This course is COPE approved for 2 hours of CE credit. COPE ID is 56785-AS. Please check your state licensing board to see if this approval counts toward your CE requirement for relicensure.
This continuing education course is joint sponsored by the University of Alabama School of Optometry.
Dr. Jones is a consultant for Alcon, CooperVision and J&J Vision; and a principal investigator for Alcon, Allergan, CooperVision, GL Chemtech, J&J Vision, Nature’s Way, Novartis, Santen and Shire Pharmaceuticals.
Dr. Nichols is a consultant for Bruder Healthcare Company, InSite Vision, Parion Pharmaceuticals, SARcode Bioscience, Shire Pharmaceuticals, Sun Pharmaceuticals, Kala Pharmaceutical, Eleven Biotherapeutics, Science Based Health, Allergan, Santen Pharmaceutical.

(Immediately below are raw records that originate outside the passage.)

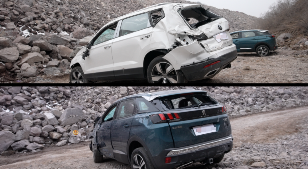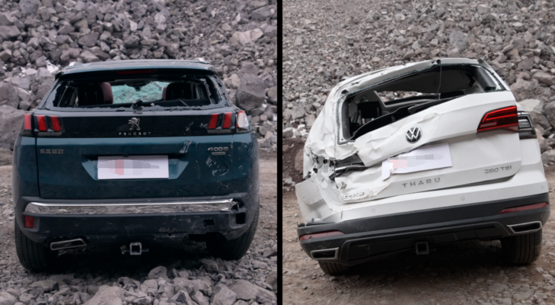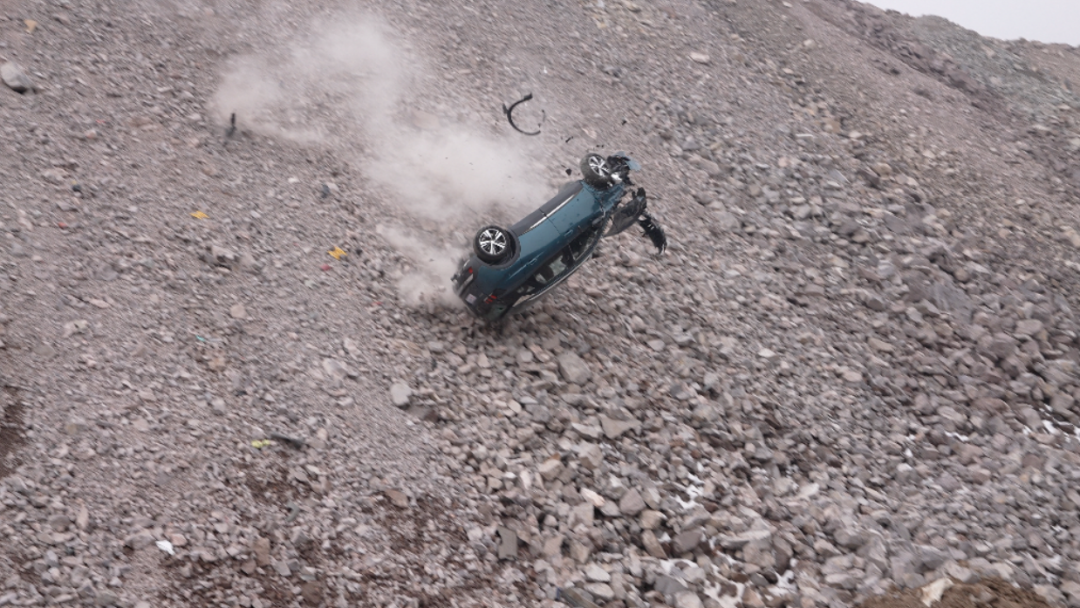 我们来看看另外一种测试方式。虽然简单,但是更被认同。就在近日,车评人区长,在抖音号“毒辣车评”发布的“德日法美韩,合资SUV谁最强悍”中,将两台SUV从碎石坡顶推下。经过数十米高度落差的自由翻滚,再检查车身受损情况。这样的测试,比文章开头提到传统的车身强度静态压力测试更暴力更直接,但是也更真实。一方面,“终极山崖翻滚测试”不仅不可控,难以在测试中进行人为性的干预,而且就测试本身而言,也更符合真实际场景——就是对山路翻车的模拟测试。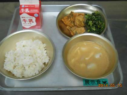 5月15日の献立は,「麦ごはん・牛乳・あじのこはくあげ・だいこん葉のごまいため・いものこ汁」でした。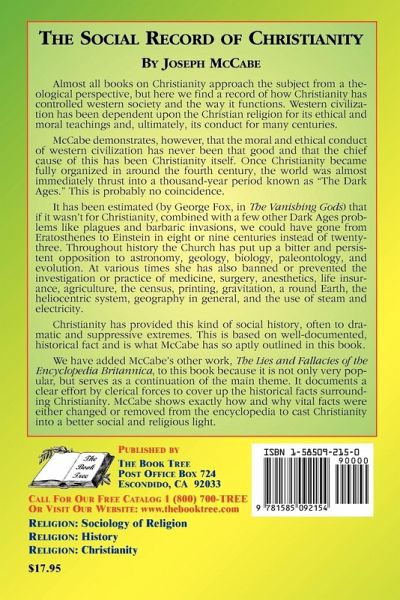 Throughout history, the Christian Church has put up a bitter and persistent opposition to astronomy, geology, biology, paleontology and evolution and has banned or prevented the investigation or practice of medicine, life insurance, agriculture, the census, printing, and the use of steam and electricity. This social history of repression is explored in McCabe's well-documented book.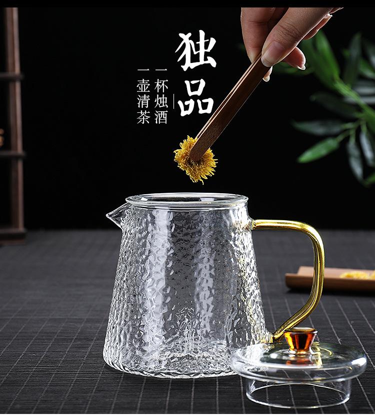 Tetera de vidrio de borosilicato de alta calidad con martillo, resistente a altas temperaturas, con filtro, para uso doméstico, con flores, venta al por mayor de fábrica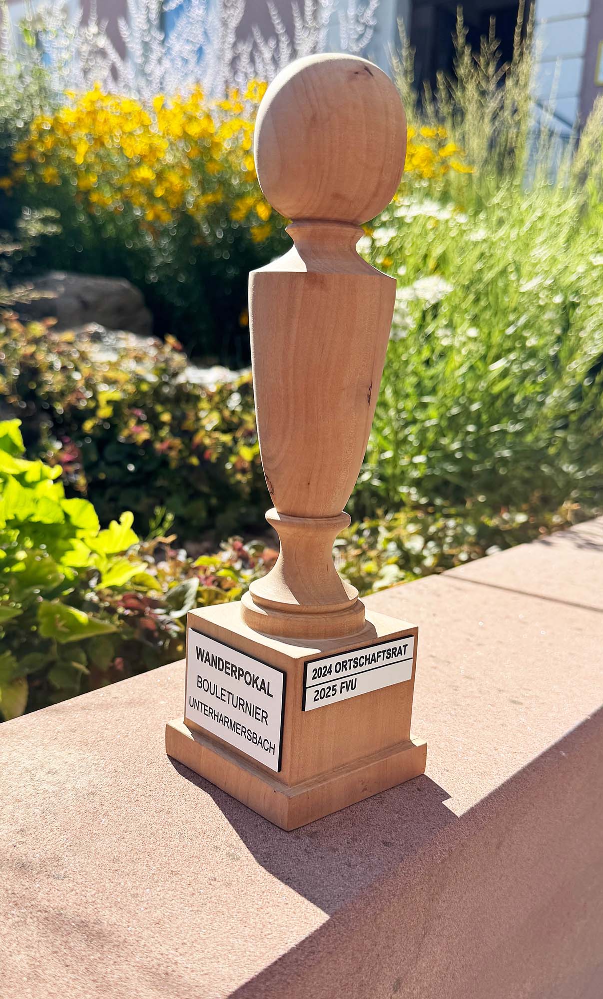 Der Wanderpokal des Hombacher Bouleturniers – frisch beschriftet und bereit, von Team zu Team zu wandern.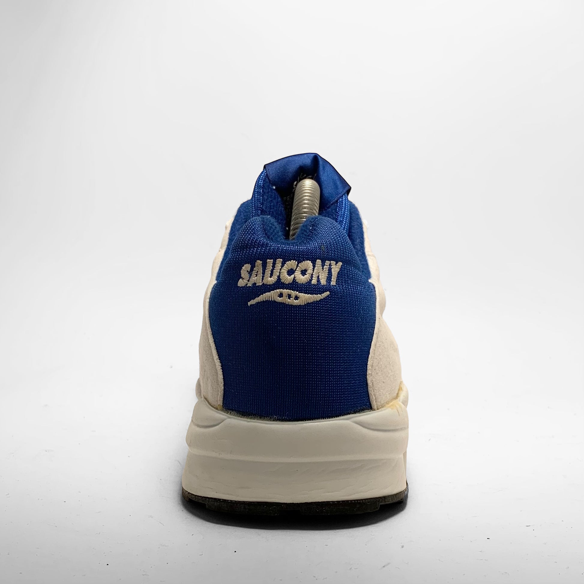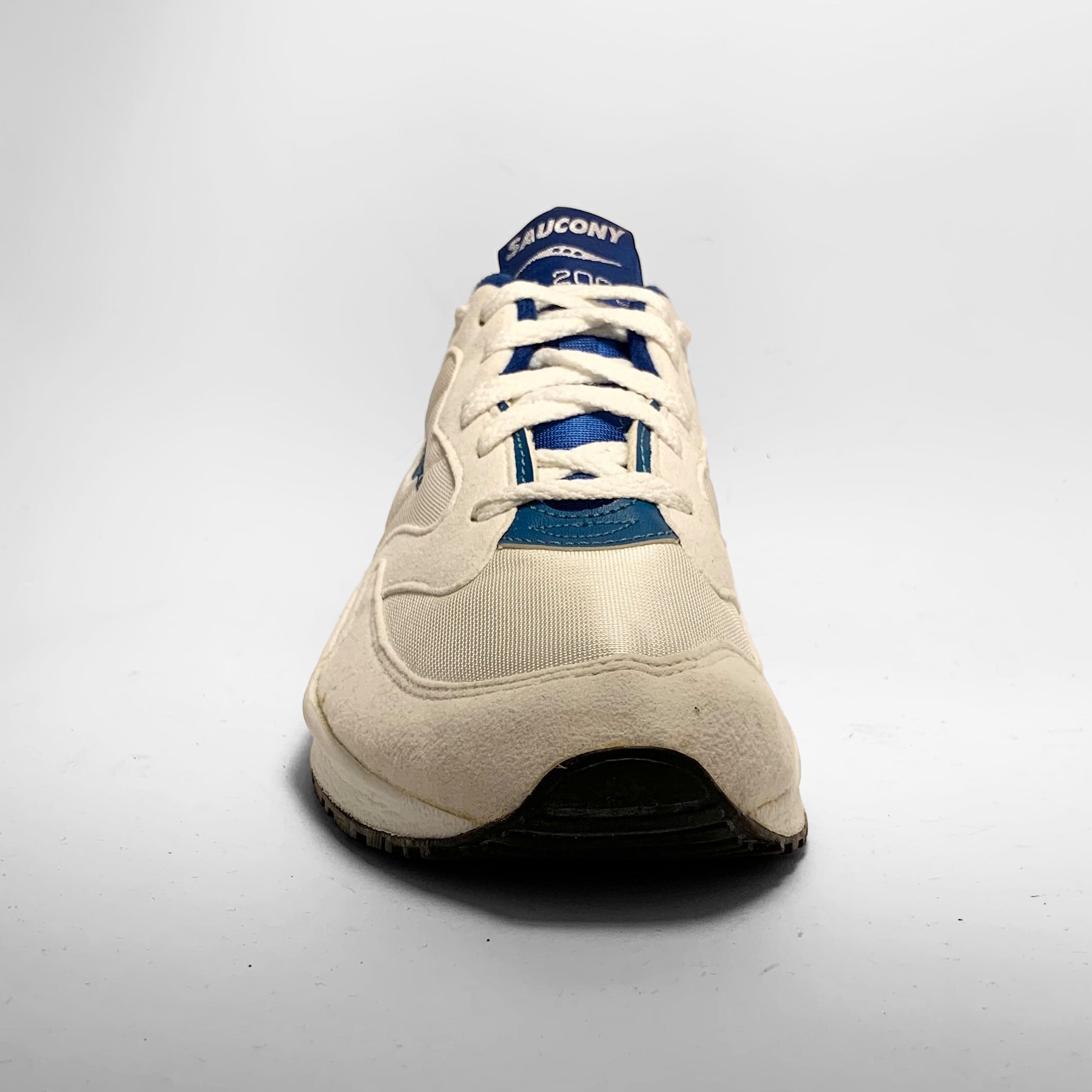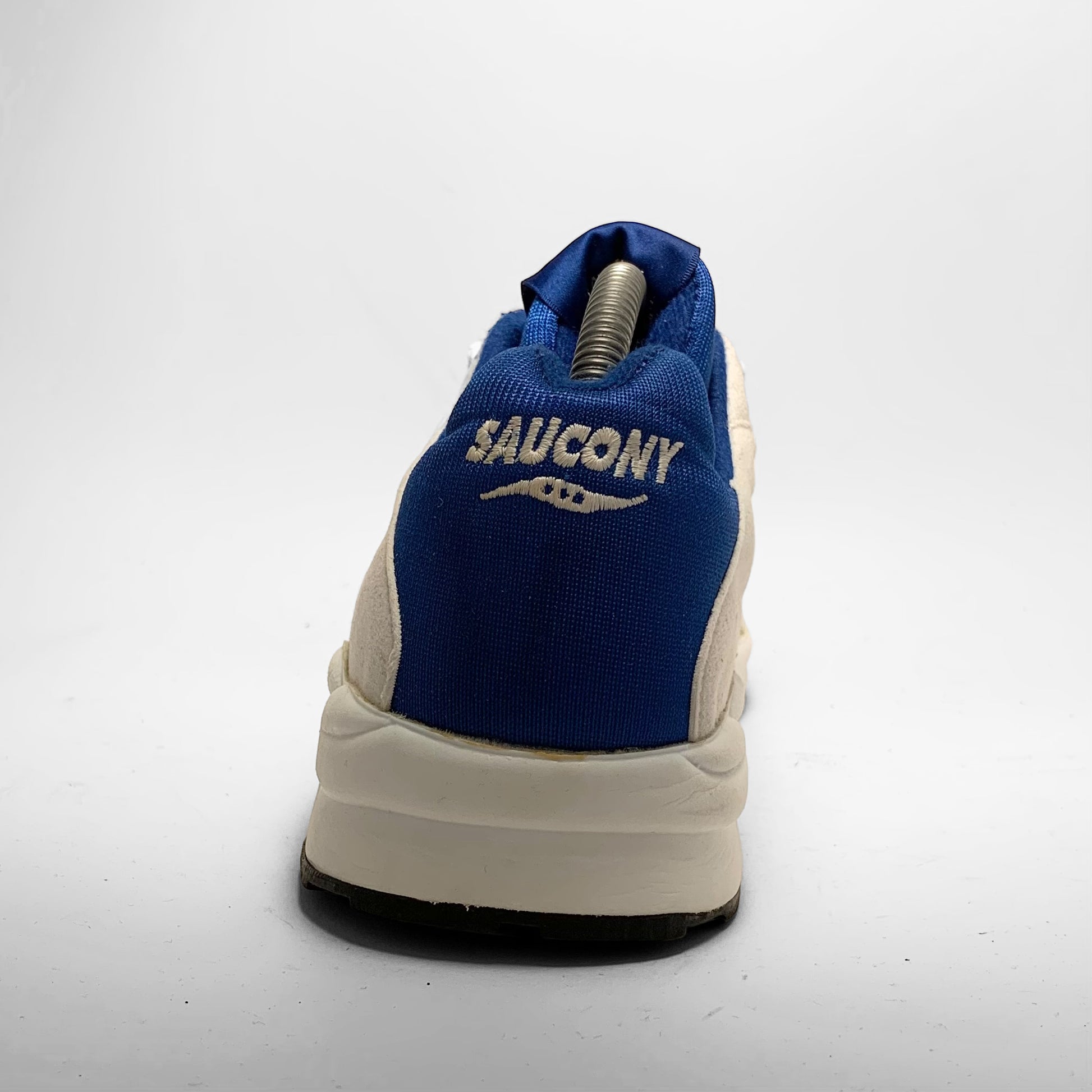 Soft suede white panels mixed with blue details, tongue and heel-part as well as the embroidered Saucony logo.

Dr. Karpecki is a consultant for Aerie Pharmaceuticals, Alcon, Abbott Medical Optics, Akorn, Allergan, Anthem Bausch + Lomb, Bio-Tissue, BlephEx, Beaver-Visitec, Bruder Healthcare, Cambium Pharma, Essilor, Eyes4Lives, Focus Labs, Glaukos, iCare USA, Imprimis Pharmaceuticals, J&J, Konan Medical, Maculogix, Oasis, Ocular Therapeutix, Oculus, OcuSoft, Regeneron, SightRisk, Reichert, Shire Pharmaceuticals, Science Based Health, Smart Vision Labs, TearScience, Topcon, TLC Vision, Vision Care Inc., Vmax and Visiometrics; a research grant principal investigator for Eleven BioTherapeutics, Fera Pharmaceuticals, Shire Pharmaceuticals; has received honoraria for the speaker’s bureaus of Glaukos and Oculus; is director/clinical advisor for Optometric Medical Solutions; and is on the board of directors for TearLab.
Dr. O'Dell is a consultant to Eye Eco and Shire Pharmaceuticals; and a speaker for Allergan, Shire and Genyzme.
Supported by: An unrestricted educational grant from Shire.
Dry eye, as we understand it today, is entirely different than it was 20—or even 10— years ago. Of course, the disease itself has not changed, but our understanding of it has. As a result, we can now offer our patients comfort, relief, improved ocular health, better vision and a quality of life that we struggled in vain to attain just a few years ago.
Thanks to tremendous amounts of clinical research and the compilation of that research in the recently published Tear Film and Ocular Surface Society (TFOS) Dry Eye Workshop (DEWS) II reports, anyone practicing optometry can make this specialty as fundamental to primary care as a dilated fundus exam. As you’ll discover in this continuing education program, you don’t need expensive equipment to provide high-quality, comprehensive ocular surface care. New technology makes it easier in higher-volume settings and in clinics that want to build a strong dry eye specialty presence, but by no means is this necessary. However, a current understanding of dry eye is essential. This is what TFOS DEWS II offers.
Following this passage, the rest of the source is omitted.